L’Instrumentum laboris – ha esordito l’Arcivescovo di Abuja – in molti punti esprime cautela, prudenza e talvolta manifesta ansietà riguardo a errori, esagerazioni e sperimentazioni azzardate a tale riguardo: indubbiamente è ragionevole manifestare queste riserve, esse vanno prese seriamente, ma nell’insieme, non devono causare falsi allarmismi”.
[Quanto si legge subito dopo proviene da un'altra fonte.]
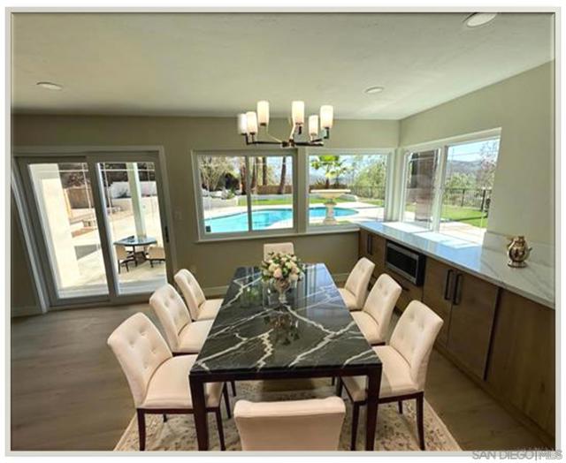 WANT TO AVOID THE HUSTLE AND BUSTLE OF A CROWDED CITY LIFE? THIS IS TRULY A PRIVACY GEM, FULLY REMODELED HOME, WITH PANORAMIC VIEWS TO ENJOY FROM EITHER YOUR LIVING ROOM, KITCHEN/BREAKFAST AREA, OR BEDROOM. THE PROPERTY SITS ON OVER AN ACRE AND ATOP GEM HILL LN, SURROUNDED IN PRIVACY AND TREES! WIND YOUR WAY UP THIS SEMI-RURAL NEIGHBORHOOD ROADWAY, WITH NO STREET LIGHTS TO BLOCK YOUR VIEW OF THE STARS, BUT BE WITHIN 35 MINUTES OF MOST ANYWHERE YOU NEED TO GO IN SAN DIEGO--FROM LA JOLLA SHORES, TO DOWNTOWN SAN DIEGO, AND LINDBERGH INTERNATIONAL AIRPORT. FISHING AND BOATING JUST MINUTES AWAY AND MILES OF HIKING TRAILS A FEW BLOCKS NORTH (SEE MAP IN PHOTO GALLERY.). NEWLY REFINISHED POOL FOR ENTERTAINING. TWO FIREPLACES, CENTRAL AIR, ALL NEW APPLIANCES, A HOST OF NEWLY BUILT IMPROVEMENTS AND EXTRAS (SEE SUPPLEMENT BELOW). 4TH BEDROOM ORIGINALLY A DEN, NOW CONVERTED WITH NEW CLOSET, WITH EXTRA 1/2 BATH ADDED BY PREVIOUS OWNER. VIRTUAL STAGING USED WITH PHOTOS. SELLER TO CONSIDER OFFERS BETWEEN $950,000-$1,050,000. New 200 amp electrical service 50 amp plug in the garage for electric cars All the wiring has been replaced, outlets, switches etc upgraded with ground wires. Can lighting throughout All new appliances pool equipment refreshed, new filter mesh New pool plaster, tile and coping New skimmer Automatic pool filler New roof Fresh paint inside and out All new hard flooring, same throughout Master bathroom Double sinks New tub in full bath All New tile in master Glass door from master bedroom to patio All new lighting fixtures Deck for jacuzzi Two fireplaces Open beam ceiling is insulated All new cabinetry, wood grain Air conditioning fully serviced Ducting re insulated New drain line to septic All new plumbing Dual pane windows with bevel glass on the inside for easy cleaning New garage door opener New ceiling fans with remotes 100 ft rv / trailer parking New shaded private patio. Slab for jacuzzi. Charge plug for electric car. Epoxy garage floor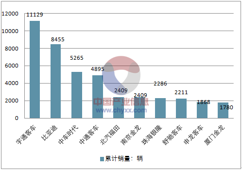 2017 年1-10 月純電動客車銷量前10 的企業(yè)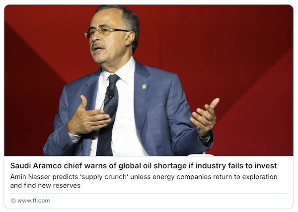 Some have also suffered from dramatic underinvestment. As Amin Nasser tells The FT, “We had a decade where people didn’t explore. It’s going to have an impact. Eighty to 90 per cent of growth came from shale. If you look at the next 15 years, shale is most likely to plateau and decline. Where are you going to bring the additional barrels to meet demand?”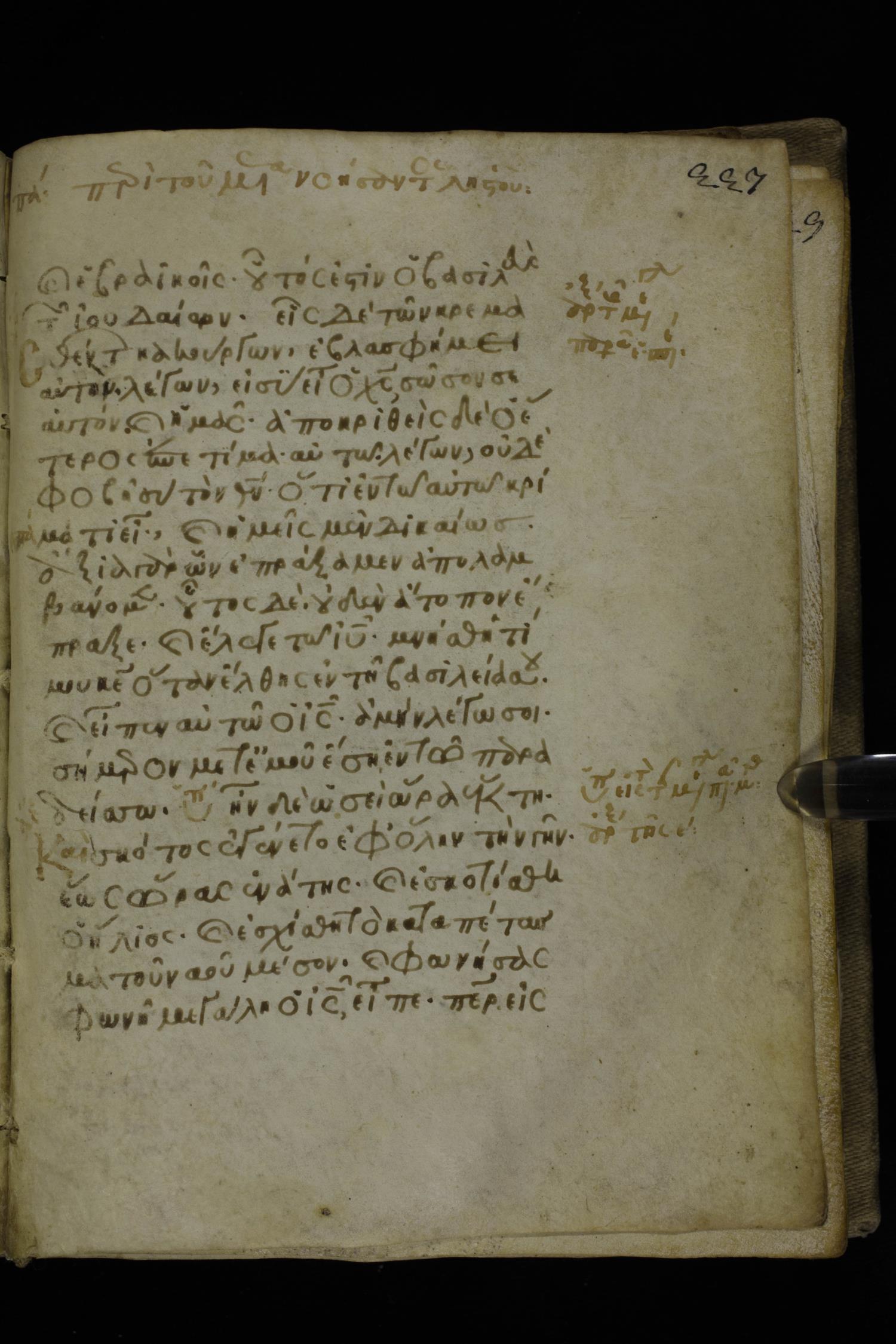 Fourteenth century minuscule of the Gospels on parchment; 302 leaves, 1 column, 19-21 lines per column. Images were taken at the National Library of Greece in Athens.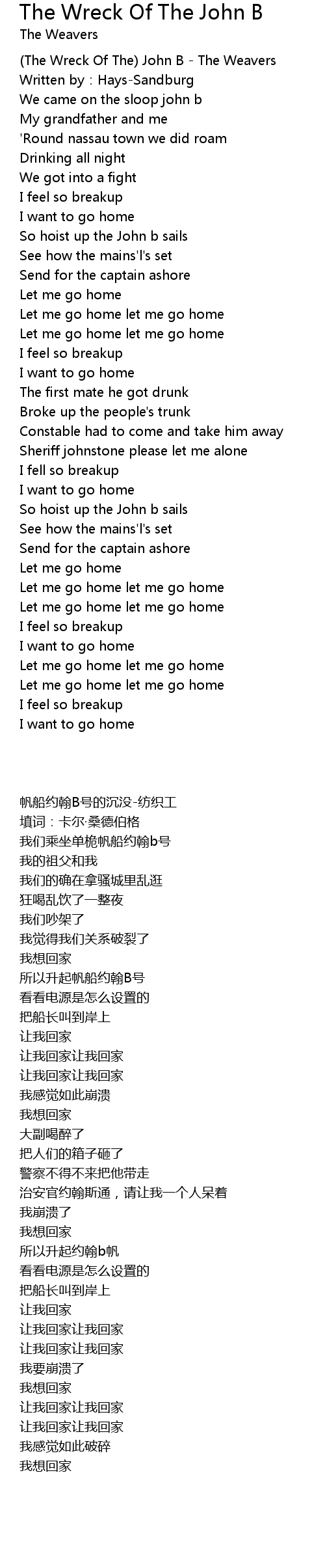 | [00:00.30] | (The Wreck Of The) John B - The Weavers |

”Anzi – ha aggiunto – dobbiamo rallegrarci delle cose meravigliose che lo Spirito compie nelle nostre chiese locali: in tutta l’Africa, negli ultimi quaranta anni, sono emerse bellissime celebrazioni eucaristiche che hanno approfondito la fede della gente, migliorato la qualità della loro partecipazione, intensificato l’amore per il sacerdozio, infuso gioia e speranza in mezzo allo scoraggiamento e alla disperazione, incentivato rapporti ecumenici e in generale ha promosso l’evangelizzazione”.

Al numero 81 l’L’Instrumentum laboris segnala “che non sempre gli elementi locali, come canti, gesti, danze, abiti, vengono adeguatamente sottomessi ad una purificazione per poi incorporare alla celebrazione liturgica solo quello che conviene al culto eucaristico”.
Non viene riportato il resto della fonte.